在 2023/11/15 上午5:52, Xi Ruoyao 写道:
> This is isomorphic to the LLVM changes [1-2].
>
> On LoongArch, the LL and SC instructions has memory barrier semantics:
>
> - LL: <memory-barrier> + <load-exclusive>
> - SC: <store-conditional> + <memory-barrier>
>
> But the compare and swap operation is allowed to fail, and if it fails
> the SC instruction is not executed, thus the guarantee of acquiring
> semantics cannot be ensured. Therefore, an acquire barrier needs to be
> generated when failure_memorder includes an acquire operation.
>
> On CPUs implementing LoongArch v1.10 or later, "dbar 0b10100" is an
> acquire barrier; on CPUs implementing LoongArch v1.00, it is a full
> barrier.  So it's always enough for acquire semantics.  OTOH if an
> acquire semantic is not needed, we still needs the "dbar 0x700" as the
> load-load barrier like all LL-SC loops.
>
> [1]:https://github.com/llvm/llvm-project/pull/67391
> [2]:https://github.com/llvm/llvm-project/pull/69339

I've done the test. There's no problem.

Thanks.

> gcc/ChangeLog:
>
> 	* config/loongarch/loongarch.cc
> 	(loongarch_memmodel_needs_release_fence): Remove.
> 	(loongarch_cas_failure_memorder_needs_acquire): New static
> 	function.
> 	(loongarch_print_operand): Redefine 'G' for the barrier on CAS
> 	failure.
> 	* config/loongarch/sync.md (atomic_cas_value_strong<mode>):
> 	Remove the redundant barrier before the LL instruction, and
> 	emit an acquire barrier on failure if needed by
> 	failure_memorder.
> 	(atomic_cas_value_cmp_and_7_<mode>): Likewise.

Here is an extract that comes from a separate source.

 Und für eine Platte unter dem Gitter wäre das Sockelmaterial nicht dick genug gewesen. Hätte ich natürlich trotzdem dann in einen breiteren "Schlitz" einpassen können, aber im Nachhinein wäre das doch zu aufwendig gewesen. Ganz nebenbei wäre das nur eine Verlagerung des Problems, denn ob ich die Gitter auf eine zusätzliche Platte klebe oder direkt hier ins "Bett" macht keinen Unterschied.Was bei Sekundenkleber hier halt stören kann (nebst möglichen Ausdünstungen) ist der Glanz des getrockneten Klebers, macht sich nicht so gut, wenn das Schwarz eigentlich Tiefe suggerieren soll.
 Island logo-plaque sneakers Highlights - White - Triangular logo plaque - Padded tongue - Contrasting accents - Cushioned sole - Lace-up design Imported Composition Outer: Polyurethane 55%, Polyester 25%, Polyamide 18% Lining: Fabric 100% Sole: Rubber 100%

> 	(atomic_cas_value_add_7_<mode>): Remove the unnecessary barrier
> 	before the LL instruction.
> 	(atomic_cas_value_sub_7_<mode>): Likewise.
> 	(atomic_cas_value_and_7_<mode>): Likewise.

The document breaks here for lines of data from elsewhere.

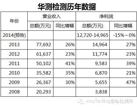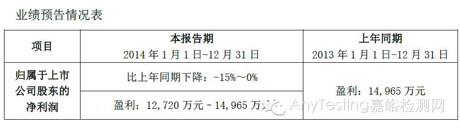 2015年1月29日,國內檢測業(yè)上市公司華測檢測發(fā)布2014年度業(yè)績預告。預告顯示,2014年華測檢測凈利潤預計比2013年下降15%~0%,這是該公司自2009年上市以來首次出現(xiàn)凈利潤負增長。
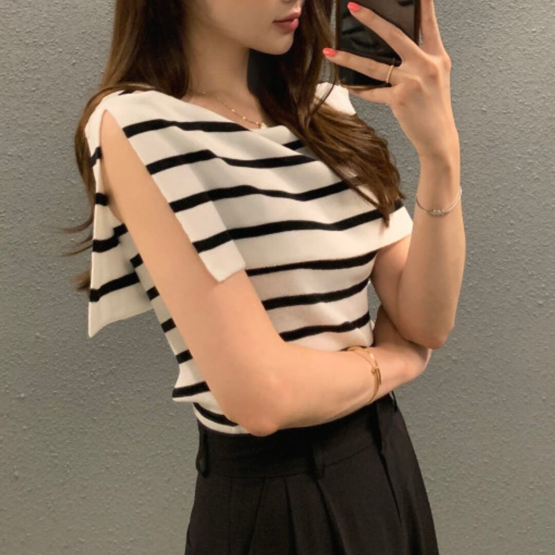 オフィスからカフェタイム、夏の夜のお出かけまで、あらゆるシーンで活躍する万能トップス。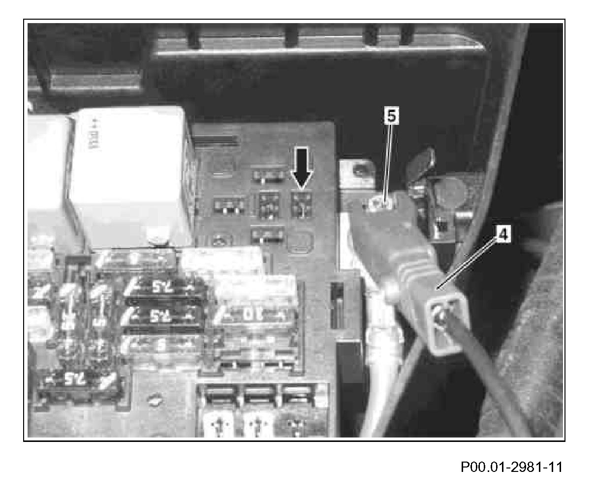 1 Remove cover (1) of left fuse and relay box in the engine compartment.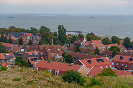 beautiful skyline of domburg city take from the dunes, Zeeland, The Netherlands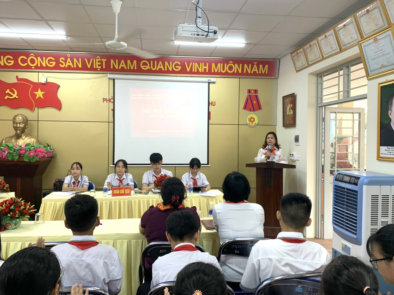 Về dự Đại hội cô Cao Thị Đại đã biểu dương những thành tích mà Liên đội đã đạt được trong năm học 2022 – 2023. Cô nhấn mạnh các bạn Đội viên cần làm tốt hơn nữa phong trào thanh thiêu niên Nhi đồng năm học 2023 – 2024 để xứng đáng là Liên đội vững mạnh, tiêu biểu khối THCS.

> 	(atomic_cas_value_xor_7_<mode>): Likewise.
> 	(atomic_cas_value_or_7_<mode>): Likewise.
> 	(atomic_cas_value_nand_7_<mode>): Likewise.
> 	(atomic_cas_value_exchange_7_<mode>): Likewise.
>
> gcc/testsuite/ChangeLog:
>
> 	* gcc.target/loongarch/cas-acquire.c: New test.
> ---
>
> v1: https://gcc.gnu.org/pipermail/gcc-patches/2023-November/635304.html
>
> Changes from v1:
>
> - Remove yet not reachable "case MEMMODEL_CONSUME".

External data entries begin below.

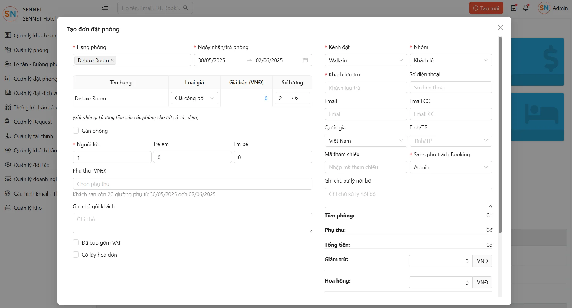 - Để hệ thống tự động áp dụng giá bán mặc định, cần tạo các loại giá cho khách sạn trước khi tiến hành tạo mới đơn đặt phòng.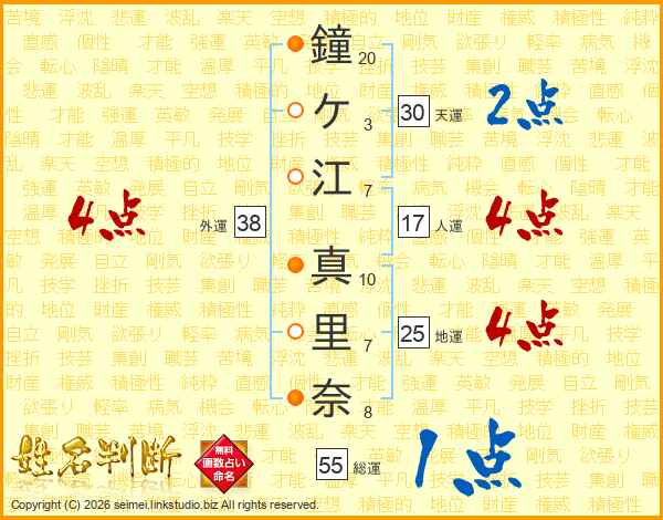 鐘ケ江真里奈さんの外運は38画の4点!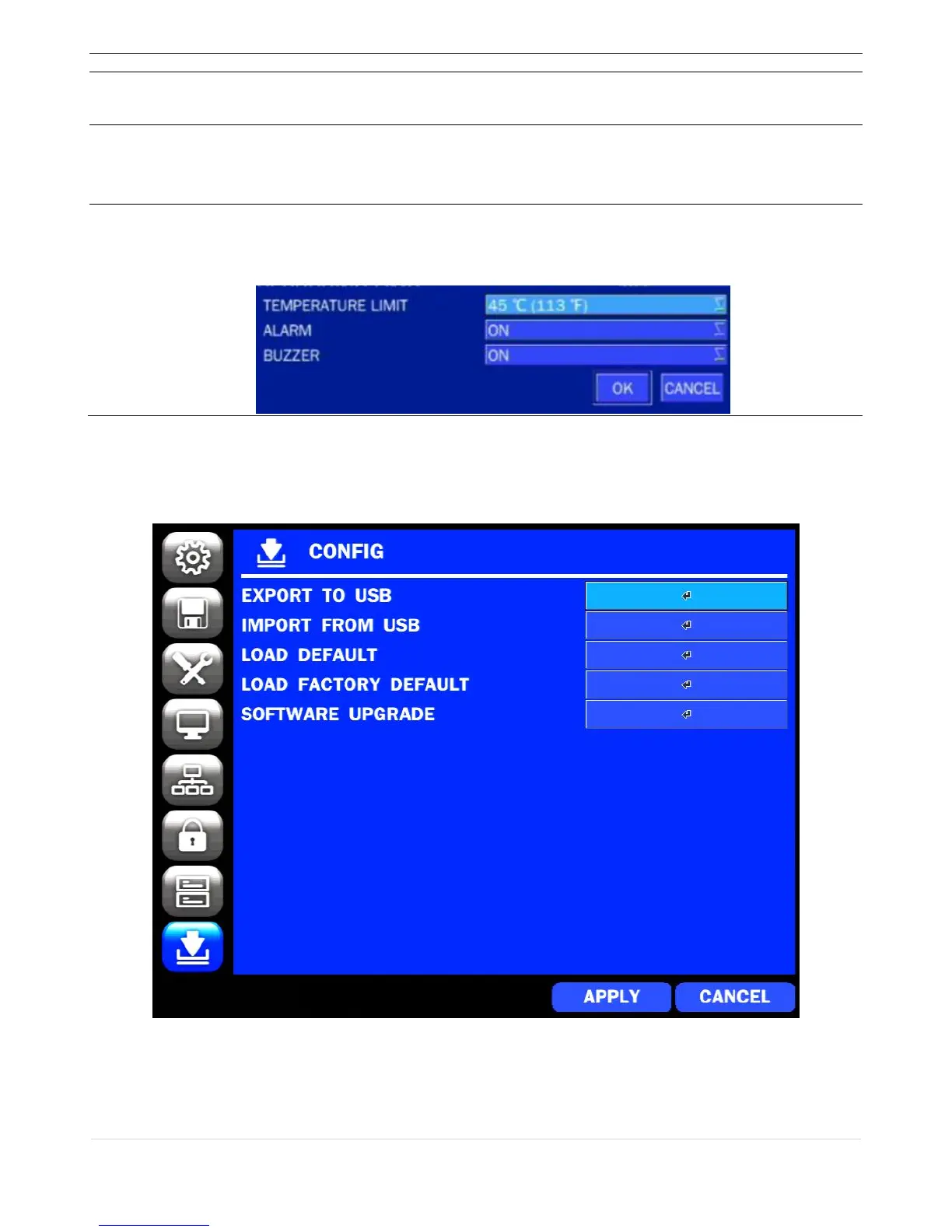 In the SETUP menu, select the CONFIG tab. Then, the configuration menu is displayed as pictured below.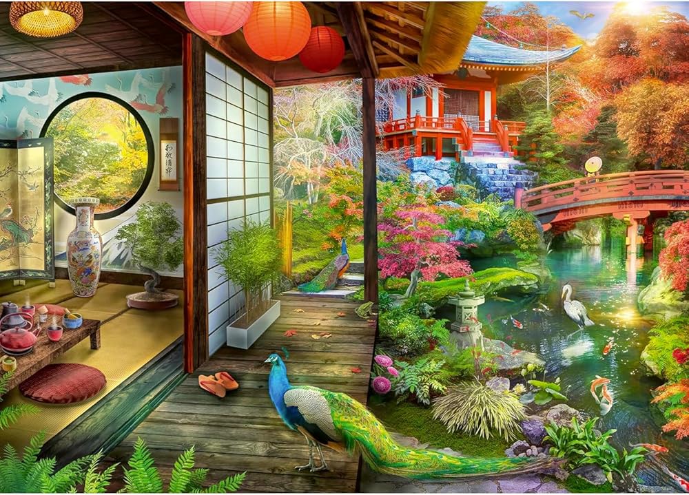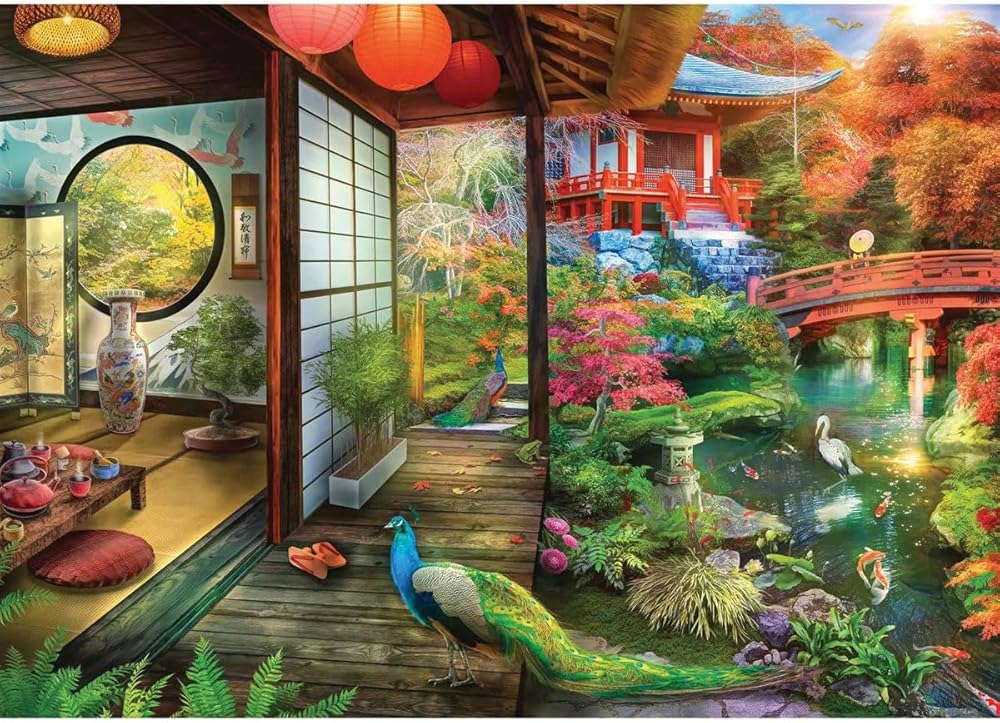 - [نبذة عن هذه الأحجية المكونة من 1000 قطعة] استرخ في هذا المشهد الهادئ وشارك في الفنون الجميلة لحفل الشاي في أحجية "كيوتو جابان جاردن تيهاوس"!

> - Fix the test case so it almost always fail with (buggy) GCC 13 and
>    LA664.
>
> Bootstrapped and regtested on loongarch64-linux-gnu running on LA664.
> Ok for trunk?
>
>   gcc/config/loongarch/loongarch.cc             | 30 ++++---
>   gcc/config/loongarch/sync.md                  | 49 +++++------
>   .../gcc.target/loongarch/cas-acquire.c        | 82 +++++++++++++++++++
>   3 files changed, 119 insertions(+), 42 deletions(-)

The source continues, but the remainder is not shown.